A teacher from Statistics class wants to examine the relationship between final and midterm score of her students. The midterm and final scores of 20 randomly chosen students are shown below.
| Student | Midterm | Final |
|---|---|---|
| 1 | 77 | 82 |
| 2 | 50 | 66 |
| 3 | 71 | 78 |
| 4 | 72 | 43 |
| 5 | 80 | 56 |
| 6 | 93 | 85 |
| 7 | 95 | 99 |
| 8 | 98 | 98 |
| 9 | 66 | 68 |
| 10 | 55 | 45 |
| 11 | 63 | 75 |
| 12 | 62 | 45 |
| 13 | 51 | 71 |
| 14 | 65 | 60 |
| 15 | 90 | 87 |
| 16 | 74 | 68 |
| 17 | 48 | 56 |
| 18 | 67 | 85 |
| 19 | 67 | 60 |
| 20 | 85 | 90 |
Use R language to:
Obtain the least-squares regression line for predicting final score from midterm score.

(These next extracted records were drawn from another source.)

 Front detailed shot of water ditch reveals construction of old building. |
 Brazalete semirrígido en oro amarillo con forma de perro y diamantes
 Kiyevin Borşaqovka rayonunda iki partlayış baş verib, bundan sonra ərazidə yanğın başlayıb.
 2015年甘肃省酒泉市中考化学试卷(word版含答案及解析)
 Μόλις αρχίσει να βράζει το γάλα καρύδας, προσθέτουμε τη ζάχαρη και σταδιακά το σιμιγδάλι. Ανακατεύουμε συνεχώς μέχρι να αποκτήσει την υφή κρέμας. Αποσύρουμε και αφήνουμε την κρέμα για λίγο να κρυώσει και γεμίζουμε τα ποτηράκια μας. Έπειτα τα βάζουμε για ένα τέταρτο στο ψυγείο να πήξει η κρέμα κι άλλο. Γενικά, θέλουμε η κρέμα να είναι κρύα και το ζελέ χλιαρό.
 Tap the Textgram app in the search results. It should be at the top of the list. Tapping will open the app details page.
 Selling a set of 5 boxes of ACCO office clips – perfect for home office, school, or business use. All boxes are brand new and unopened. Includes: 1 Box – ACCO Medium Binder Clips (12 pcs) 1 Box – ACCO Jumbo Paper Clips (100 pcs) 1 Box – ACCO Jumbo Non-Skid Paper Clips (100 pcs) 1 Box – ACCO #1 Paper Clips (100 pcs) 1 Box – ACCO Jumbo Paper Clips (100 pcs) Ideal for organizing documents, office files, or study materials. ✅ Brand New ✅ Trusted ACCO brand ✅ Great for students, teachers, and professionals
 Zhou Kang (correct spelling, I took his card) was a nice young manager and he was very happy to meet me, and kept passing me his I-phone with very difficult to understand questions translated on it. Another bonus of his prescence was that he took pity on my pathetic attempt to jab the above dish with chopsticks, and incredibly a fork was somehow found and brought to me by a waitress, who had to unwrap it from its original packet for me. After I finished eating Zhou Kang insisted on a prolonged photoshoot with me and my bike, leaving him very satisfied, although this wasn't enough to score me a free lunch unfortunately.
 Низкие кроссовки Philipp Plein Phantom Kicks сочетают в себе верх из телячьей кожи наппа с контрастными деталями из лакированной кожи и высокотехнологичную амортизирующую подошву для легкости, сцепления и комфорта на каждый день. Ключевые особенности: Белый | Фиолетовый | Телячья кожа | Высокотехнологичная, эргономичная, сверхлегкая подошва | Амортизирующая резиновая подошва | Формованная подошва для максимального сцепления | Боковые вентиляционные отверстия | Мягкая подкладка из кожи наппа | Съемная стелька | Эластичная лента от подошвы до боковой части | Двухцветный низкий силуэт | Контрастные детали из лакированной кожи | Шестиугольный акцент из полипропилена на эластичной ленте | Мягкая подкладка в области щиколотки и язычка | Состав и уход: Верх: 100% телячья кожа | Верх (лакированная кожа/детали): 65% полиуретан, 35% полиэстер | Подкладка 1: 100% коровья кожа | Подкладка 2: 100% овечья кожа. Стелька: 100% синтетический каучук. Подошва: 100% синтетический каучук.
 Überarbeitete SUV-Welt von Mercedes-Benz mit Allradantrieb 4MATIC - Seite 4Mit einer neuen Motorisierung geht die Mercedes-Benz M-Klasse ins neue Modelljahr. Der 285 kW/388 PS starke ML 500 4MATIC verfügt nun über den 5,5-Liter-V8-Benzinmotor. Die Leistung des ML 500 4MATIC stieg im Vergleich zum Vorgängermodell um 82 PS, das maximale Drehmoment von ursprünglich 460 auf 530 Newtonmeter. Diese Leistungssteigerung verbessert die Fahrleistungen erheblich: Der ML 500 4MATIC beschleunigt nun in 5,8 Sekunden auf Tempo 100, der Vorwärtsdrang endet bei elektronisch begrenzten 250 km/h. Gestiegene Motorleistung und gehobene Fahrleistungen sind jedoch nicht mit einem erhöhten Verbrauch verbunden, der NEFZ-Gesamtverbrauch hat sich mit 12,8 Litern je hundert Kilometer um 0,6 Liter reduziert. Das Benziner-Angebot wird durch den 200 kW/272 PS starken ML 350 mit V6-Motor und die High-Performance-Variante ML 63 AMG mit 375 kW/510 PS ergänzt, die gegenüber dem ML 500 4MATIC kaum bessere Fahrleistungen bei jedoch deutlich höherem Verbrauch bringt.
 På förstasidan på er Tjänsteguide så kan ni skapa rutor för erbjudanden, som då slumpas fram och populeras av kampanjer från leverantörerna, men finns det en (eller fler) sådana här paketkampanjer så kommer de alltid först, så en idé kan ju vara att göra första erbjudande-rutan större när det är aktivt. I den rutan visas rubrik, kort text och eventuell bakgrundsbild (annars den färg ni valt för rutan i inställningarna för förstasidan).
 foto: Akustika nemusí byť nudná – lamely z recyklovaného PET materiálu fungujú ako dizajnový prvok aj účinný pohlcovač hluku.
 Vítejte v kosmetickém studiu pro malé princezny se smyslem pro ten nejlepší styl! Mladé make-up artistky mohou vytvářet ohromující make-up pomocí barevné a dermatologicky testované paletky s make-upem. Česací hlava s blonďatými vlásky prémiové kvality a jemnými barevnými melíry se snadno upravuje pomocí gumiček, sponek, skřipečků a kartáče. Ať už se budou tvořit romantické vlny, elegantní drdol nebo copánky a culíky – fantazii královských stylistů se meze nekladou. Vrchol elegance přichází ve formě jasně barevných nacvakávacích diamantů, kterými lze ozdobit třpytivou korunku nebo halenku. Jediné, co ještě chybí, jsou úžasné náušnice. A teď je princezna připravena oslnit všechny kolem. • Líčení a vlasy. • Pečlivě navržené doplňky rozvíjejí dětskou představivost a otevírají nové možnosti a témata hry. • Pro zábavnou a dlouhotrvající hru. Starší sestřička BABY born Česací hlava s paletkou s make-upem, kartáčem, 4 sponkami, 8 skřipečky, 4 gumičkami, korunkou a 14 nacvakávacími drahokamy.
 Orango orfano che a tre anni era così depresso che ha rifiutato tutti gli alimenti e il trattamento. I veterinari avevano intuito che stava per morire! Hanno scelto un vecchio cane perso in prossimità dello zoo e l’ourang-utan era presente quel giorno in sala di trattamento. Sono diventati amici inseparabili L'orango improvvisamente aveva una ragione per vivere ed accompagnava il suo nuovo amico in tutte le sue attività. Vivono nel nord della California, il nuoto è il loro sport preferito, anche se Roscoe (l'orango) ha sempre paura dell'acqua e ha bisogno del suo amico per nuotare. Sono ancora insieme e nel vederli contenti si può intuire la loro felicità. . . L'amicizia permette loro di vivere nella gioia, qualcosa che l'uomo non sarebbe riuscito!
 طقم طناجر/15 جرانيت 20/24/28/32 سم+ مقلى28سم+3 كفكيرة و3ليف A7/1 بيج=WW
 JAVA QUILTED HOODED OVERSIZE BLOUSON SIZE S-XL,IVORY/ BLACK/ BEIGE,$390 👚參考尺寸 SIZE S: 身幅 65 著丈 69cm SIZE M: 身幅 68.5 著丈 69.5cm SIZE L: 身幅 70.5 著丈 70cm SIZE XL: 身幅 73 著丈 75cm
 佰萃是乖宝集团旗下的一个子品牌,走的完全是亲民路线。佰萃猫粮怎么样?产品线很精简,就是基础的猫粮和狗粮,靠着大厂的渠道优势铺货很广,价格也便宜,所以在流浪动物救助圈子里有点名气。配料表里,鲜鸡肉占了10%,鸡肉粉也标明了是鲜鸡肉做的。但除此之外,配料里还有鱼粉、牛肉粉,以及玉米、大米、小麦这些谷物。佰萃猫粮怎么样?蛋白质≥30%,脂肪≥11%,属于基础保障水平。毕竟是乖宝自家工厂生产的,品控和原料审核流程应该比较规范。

At a significance level of 0.05, check the validity of the model using ANOVA. Perform the 4-step process (state hypotheses, give a test statistic and P-value, and state your conclusion)
Check the normality assumption at a significance level of 0.05. (Perform the 4-step process)
Check the constant variance assumption at a significance level of 0.05. (Perform the 4-step process)
Check the independence (autocorrelation) assumption at a significance level of 0.05. (Perform the 4-step process)
Do we have an assumption violation issue? If so, please fix it by using BoxCox transformations.